Le sommet d’experts qui s’est tenu à Casablanca a rendu publique une Déclaration qui demande aux États de s’engager dans une Convention internationale pour l’abolition universelle de la GPA : nous avons fait notre travail d’experts, si je puis dire ; aux États, maintenant, de prendre leurs responsabilités politiques pour protéger l’humanité de ce fléau de la GPA. Cet événement de Casablanca envoie un message clair : un engagement international des États est nécessaire, et il est possible d’abolir la GPA. Et l’engagement public d’experts de tellement de nationalités différentes a pour but de lancer cette phase politique qui doit suivre.

S. d. V. Pourquoi des experts français partie prenante, puisqu’en France, la GPA est interdite ?

A. M. En France, le contrat de GPA est en effet illicite et n’a pas d’existence juridique. En outre, la France sanctionne pénalement les intermédiaires entre les mères porteuses et les clients. Or, que constatons-nous ? Que des sociétés étrangères de GPA, américaines, ukrainiennes, canadiennes, démarchent en toute impunité le marché français et vendent des GPA aux Français sur notre territoire. On l’a constaté de façon particulièrement visible au salon Désir d’enfant, mais partout en France, ces sociétés organisent des tournées de promotion commerciale, avec des rencontres pour présenter leurs offres de GPA et les vendre aux Français. Il y a eu déjà plusieurs plaintes, déposées notamment par Juristes pour l’enfance, et à ce jour, aucune poursuite. Alors même que le président de la République affirme que la GPA est la ligne rouge, la France laisse ces marchands de l’humain vendre en toute tranquillité et impunité leurs services. Il manque en France la volonté politique, et un engagement dans une Convention internationale serait un engagement politique autant que juridique essentiel pour passer de la complicité, résignation, indifférence à la protection efficace et déterminée de la dignité humaine contre la marchandisation.
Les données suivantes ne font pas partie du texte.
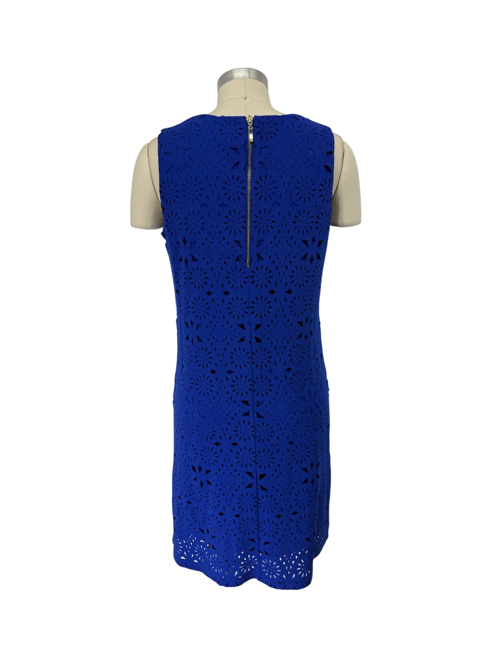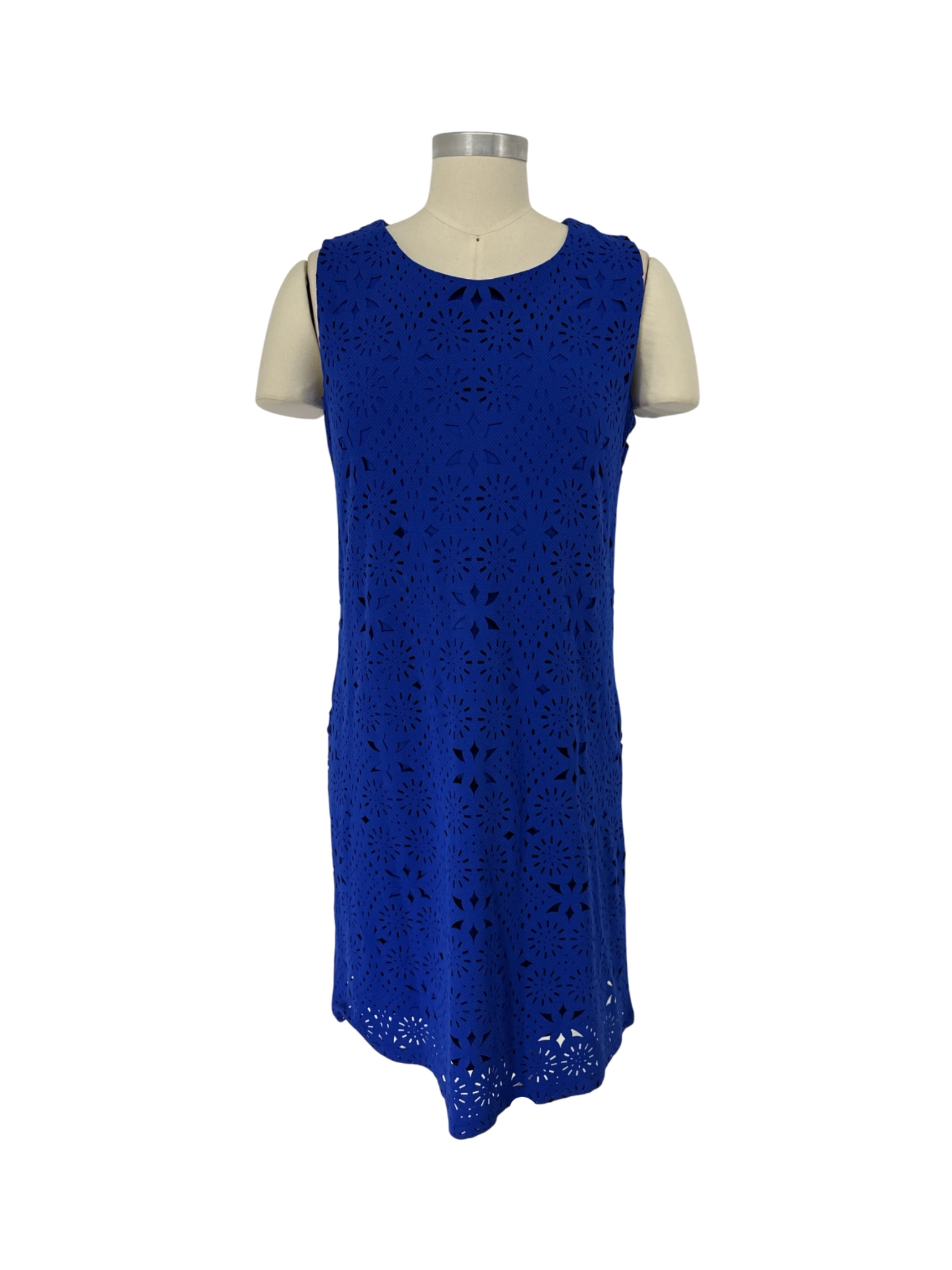 This pre-owned Worthington dress is a vibrant blue, perfect for warm weather events. Featuring a unique cutout design and a flattering A-line silhouette, this sleeveless dress offers both style and comfort. Crafted from a lightweight polyester blend, it's ideal for casual outings or cocktail parties. The dress is in excellent condition and ready to become a staple in your wardrobe.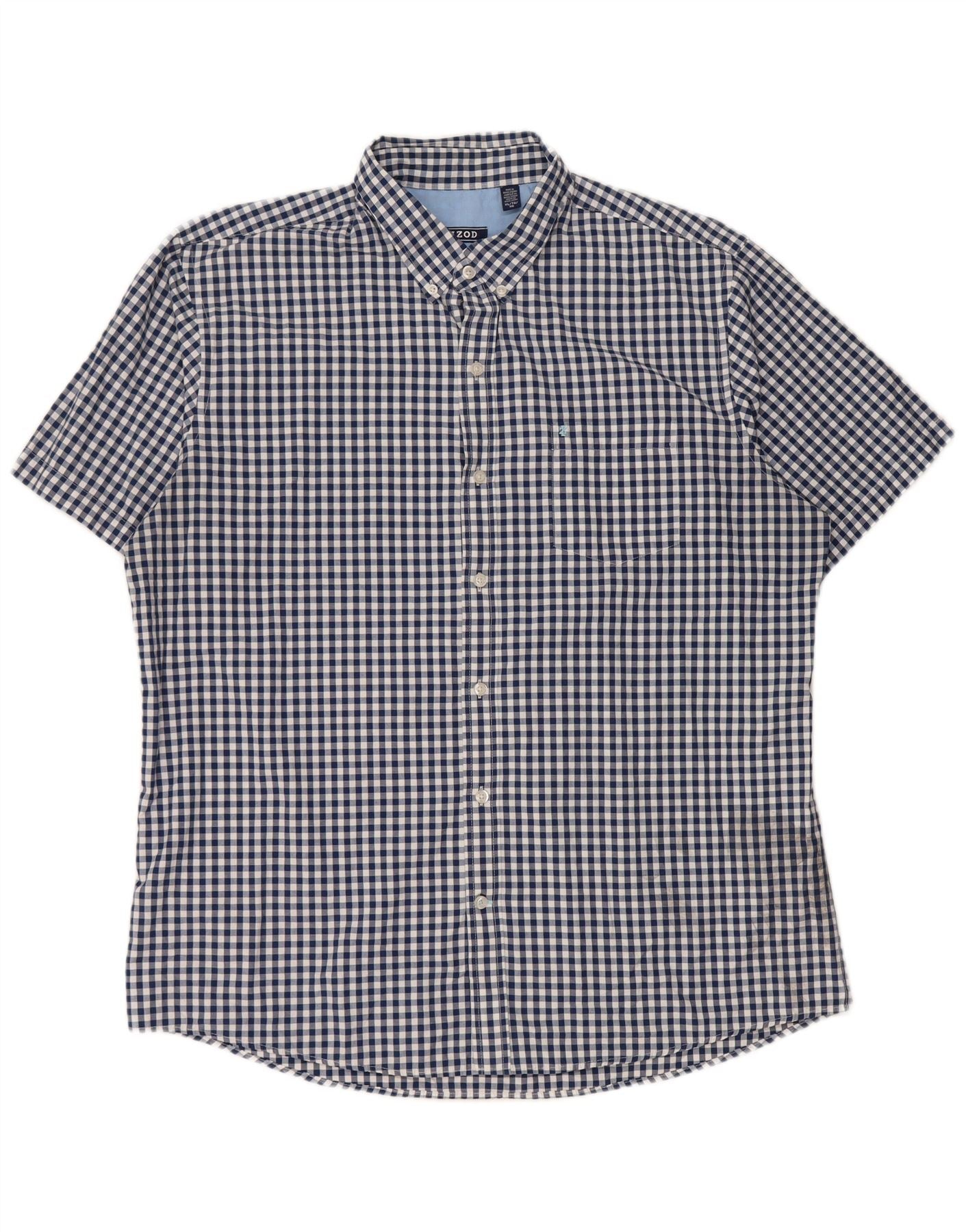 IZOD Męska koszula z krótkim rękawem XL, niebieska bawełniana kratka

S. d. V. Pourquoi avoir choisi précisément la ville de Casablanca pour réunir ces experts ?

A. M. Il est clair que ce sommet d’experts aurait pu se tenir à beaucoup d’autres endroits ! Le choix de Casablanca s’est pourtant imposé très vite : d’abord, la législation du Maroc est exemplaire puisque la loi interdit explicitement la GPA et sanctionne pénalement le recours à cette pratique. Ensuite, le Maroc est un pays qui jouit d’une grande stabilité politique, que les étrangers peuvent visiter en toute sécurité, un pays d’histoire et de culture… Et, pour finir, la ville de Casablanca est connue dans le monde entier, c’est un terme facile à prononcer dans toutes les langues et tout à fait indiqué pour donner son nom à une déclaration : c’est ainsi que le texte présenté le 3 mars est déjà devenu la Déclaration de Casablanca pour l’abolition universelle de la GPA.

S. d. V. Quelle est la prochaine étape ?

A. M. Le 3 mars était une réunion d’experts. La prochaine étape est d’avoir la même chose avec des représentants des États, une sorte de COP de la GPA. Nous souhaitons faire connaître la Déclaration de Casablanca et la proposition de Convention internationale qu’elle comporte au sein des instances internationales, à commencer par l’ONU : le sommet du 3 mars a été ouvert par deux membres du Comité des droits de l’enfant de l’ONU, qui ont fait part de leur intérêt pour nos travaux et du fait que le Comité des droits de l’enfant est concerné par cette question des conséquences de la GPA pour les enfants. Nous voulons, bien sûr, aller plus loin, et tout le monde peut contribuer : le groupe d’experts a fait le choix que la Déclaration de Casablanca ne soit rattachée à aucune ONG, aucune structure, afin que ce ne soit pas la Déclaration de untel ou de tel autre mais la Déclaration de tous : si un gouvernement, une ONG, une organisation veut s’approprier ce projet, il n’y a pas d’autorisation à demander, il est libre de droits et à la disposition de tous ceux qui veulent soutenir cette démarche internationale jusqu’à l’abolition universelle de la GPA.